**Work task**
Copy exactly the lines from the line holding "從不同性別來看,男性老年人和" through the end of the material, and no others; pictures stay out.

(Data extract Opens)

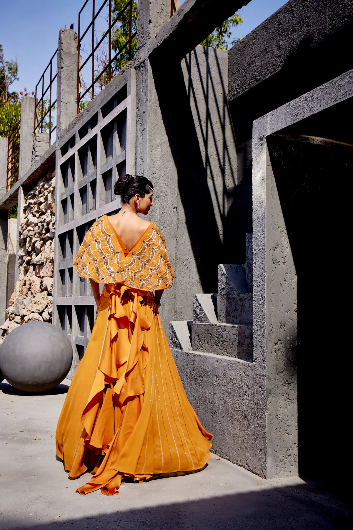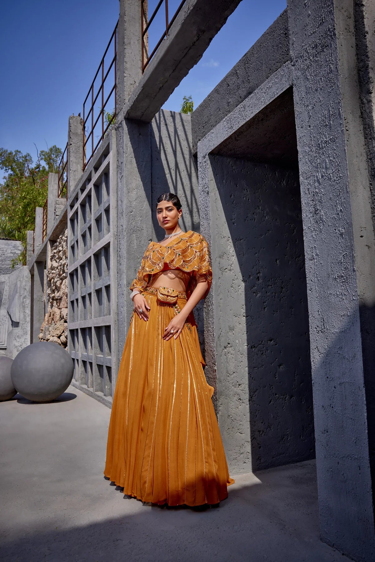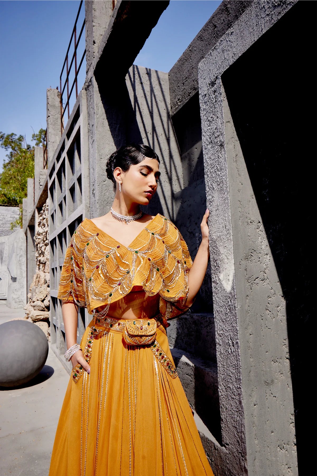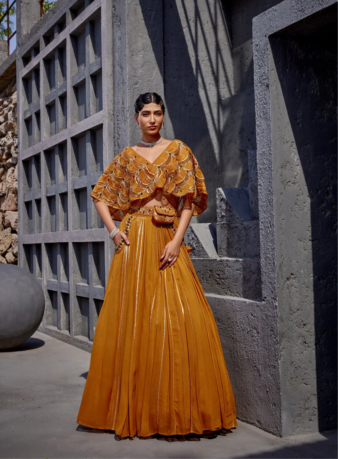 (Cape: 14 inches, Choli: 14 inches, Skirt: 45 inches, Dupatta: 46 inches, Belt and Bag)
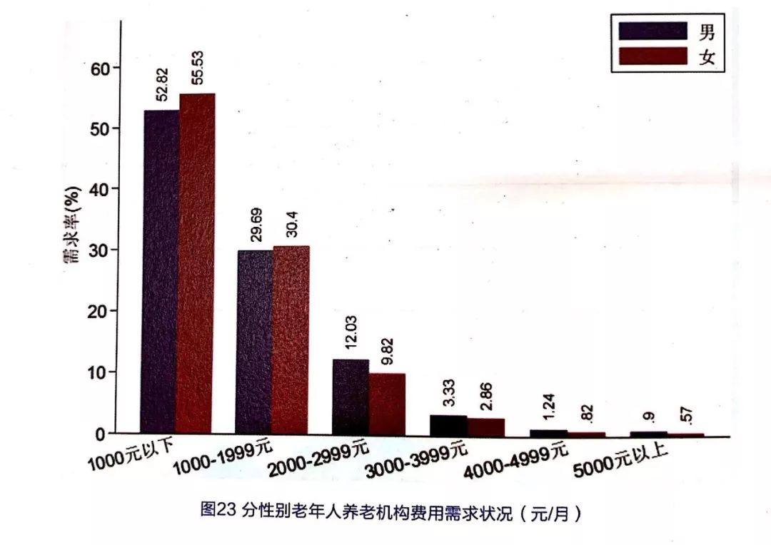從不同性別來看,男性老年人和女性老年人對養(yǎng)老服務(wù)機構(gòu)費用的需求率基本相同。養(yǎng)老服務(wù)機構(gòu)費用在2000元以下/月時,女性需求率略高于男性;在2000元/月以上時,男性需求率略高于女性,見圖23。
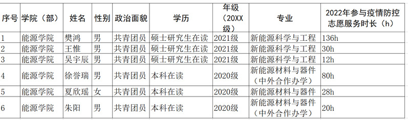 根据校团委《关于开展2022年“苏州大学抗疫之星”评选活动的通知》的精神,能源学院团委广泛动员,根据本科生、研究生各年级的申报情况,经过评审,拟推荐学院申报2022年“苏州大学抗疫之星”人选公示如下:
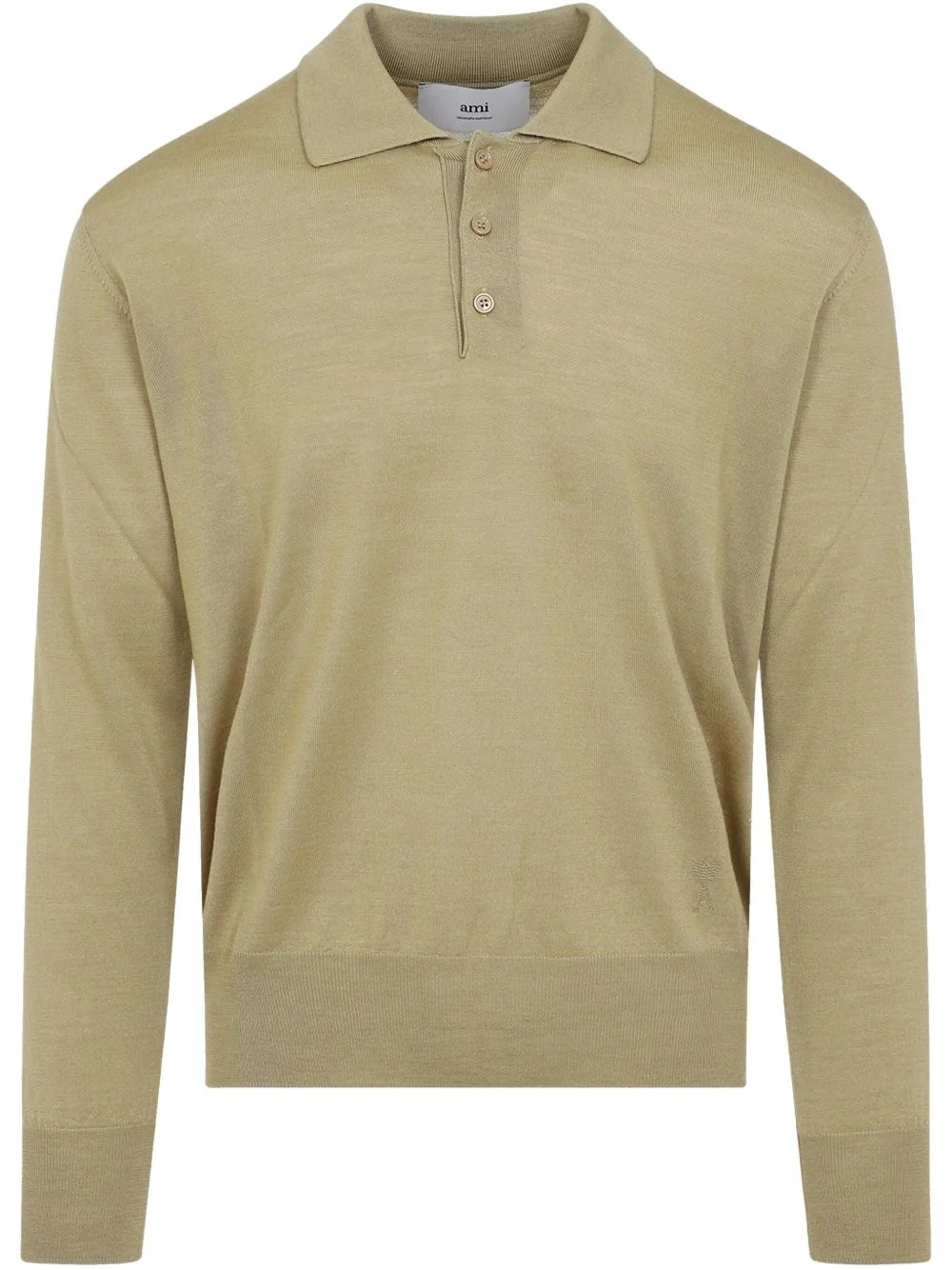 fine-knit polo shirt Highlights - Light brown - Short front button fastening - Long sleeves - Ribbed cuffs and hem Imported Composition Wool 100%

(Data extract Closes)

**Solution below**
從不同性別來看,男性老年人和女性老年人對養(yǎng)老服務(wù)機構(gòu)費用的需求率基本相同。養(yǎng)老服務(wù)機構(gòu)費用在2000元以下/月時,女性需求率略高于男性;在2000元/月以上時,男性需求率略高于女性,見圖23。
 根据校团委《关于开展2022年“苏州大学抗疫之星”评选活动的通知》的精神,能源学院团委广泛动员,根据本科生、研究生各年级的申报情况,经过评审,拟推荐学院申报2022年“苏州大学抗疫之星”人选公示如下:
 fine-knit polo shirt Highlights - Light brown - Short front button fastening - Long sleeves - Ribbed cuffs and hem Imported Composition Wool 100%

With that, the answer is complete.